| ks_s2007 {HDNRA} | R Documentation |
Test proposed by Schott (2007)
Description
Schott, J. R. (2007)'s test for one-way MANOVA problem for high-dimensional data with assuming that underlying covariance matrices are the same.
Usage
ks_s2007(Y,n,p)
Arguments
Y |
A list of |
n |
A vector of |
p |
The dimension of data. |
Details
Suppose we have the following k independent high-dimensional samples:
\boldsymbol{y}_{i1},\ldots,\boldsymbol{y}_{in_i}, \;\operatorname{are \; i.i.d. \; with}\; \operatorname{E}(\boldsymbol{y}_{i1})=\boldsymbol{\mu}_i,\; \operatorname{Cov}(\boldsymbol{y}_{i1})=\boldsymbol{\Sigma},i=1,\ldots,k.

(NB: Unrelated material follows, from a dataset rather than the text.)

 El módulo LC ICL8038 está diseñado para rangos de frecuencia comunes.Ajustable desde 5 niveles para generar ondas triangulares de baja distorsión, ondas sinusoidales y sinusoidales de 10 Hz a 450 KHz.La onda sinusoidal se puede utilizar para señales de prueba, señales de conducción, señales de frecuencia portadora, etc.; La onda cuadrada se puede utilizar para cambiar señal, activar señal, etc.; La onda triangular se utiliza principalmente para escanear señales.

It is of interest to test the following one-way MANOVA problem:
H_0: \boldsymbol{\mu}_1=\cdots=\boldsymbol{\mu}_k, \quad \text { vs. }\; H_1: H_0 \;\operatorname{is \; not\; ture}.
Schott (2007) proposed the following test statistic:
T_{S}=[\operatorname{tr}(\boldsymbol{H})/h-\operatorname{tr}(\boldsymbol{E})/e]/\sqrt{N-1},
where \boldsymbol{H}=\sum_{i=1}^kn_i(\bar{\boldsymbol{y}}_i-\bar{\boldsymbol{y}})(\bar{\boldsymbol{y}}_i-\bar{\boldsymbol{y}})^\top, \boldsymbol{E}=\sum_{i=1}^k\sum_{j=1}^{n_i}(\boldsymbol{y}_{ij}-\bar{\boldsymbol{y}}_{i})(\boldsymbol{y}_{ij}-\bar{\boldsymbol{y}}_{i})^\top, h=k-1, and e=N-k, with N=n_1+\cdots+n_k.

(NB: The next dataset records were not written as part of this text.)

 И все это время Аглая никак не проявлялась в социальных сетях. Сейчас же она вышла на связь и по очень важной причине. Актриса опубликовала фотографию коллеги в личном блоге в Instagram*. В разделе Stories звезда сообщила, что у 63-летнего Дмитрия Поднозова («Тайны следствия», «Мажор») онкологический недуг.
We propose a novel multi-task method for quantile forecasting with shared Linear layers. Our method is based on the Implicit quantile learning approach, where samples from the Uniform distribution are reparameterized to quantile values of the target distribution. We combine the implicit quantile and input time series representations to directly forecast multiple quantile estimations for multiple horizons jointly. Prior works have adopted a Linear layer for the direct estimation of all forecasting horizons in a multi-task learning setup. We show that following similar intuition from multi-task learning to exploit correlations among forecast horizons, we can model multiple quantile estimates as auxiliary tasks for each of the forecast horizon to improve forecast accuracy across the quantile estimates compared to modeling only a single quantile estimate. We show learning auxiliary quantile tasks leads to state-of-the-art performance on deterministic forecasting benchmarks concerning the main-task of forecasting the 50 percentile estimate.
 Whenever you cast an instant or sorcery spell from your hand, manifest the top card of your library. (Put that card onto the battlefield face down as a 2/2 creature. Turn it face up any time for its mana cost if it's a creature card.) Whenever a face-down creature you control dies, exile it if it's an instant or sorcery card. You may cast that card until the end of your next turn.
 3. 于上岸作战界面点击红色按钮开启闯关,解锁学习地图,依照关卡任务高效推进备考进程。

They showed that under the null hypothesis, T_{S} is asymptotically normally distributed.
Value
A (list) object of S3 class htest containing the following elements:
- statistic
the test statistic proposed by Schott (2007).
- p.value
the
p-value of the test proposed by Schott (2007).
References
Schott JR (2007). “Some high-dimensional tests for a one-way MANOVA.” Journal of Multivariate Analysis, 98(9), 1825–1839. doi:10.1016/j.jmva.2006.11.007.
Examples
set.seed(1234)
k <- 3
p <- 50
n <- c(25, 30, 40)
rho <- 0.1
M <- matrix(rep(0, k * p), nrow = k, ncol = p)
y <- (-2 * sqrt(1 - rho) + sqrt(4 * (1 - rho) + 4 * p * rho)) / (2 * p)
x <- y + sqrt((1 - rho))
Gamma <- matrix(rep(y, p * p), nrow = p)
diag(Gamma) <- rep(x, p)
Y <- list()
for (g in 1:k) {
Z <- matrix(rnorm(n[g] * p, mean = 0, sd = 1), p, n[g])
Y[[g]] <- Gamma %*% Z + t(t(M[g, ])) %*% (rep(1, n[g]))
}
ks_s2007(Y, n, p)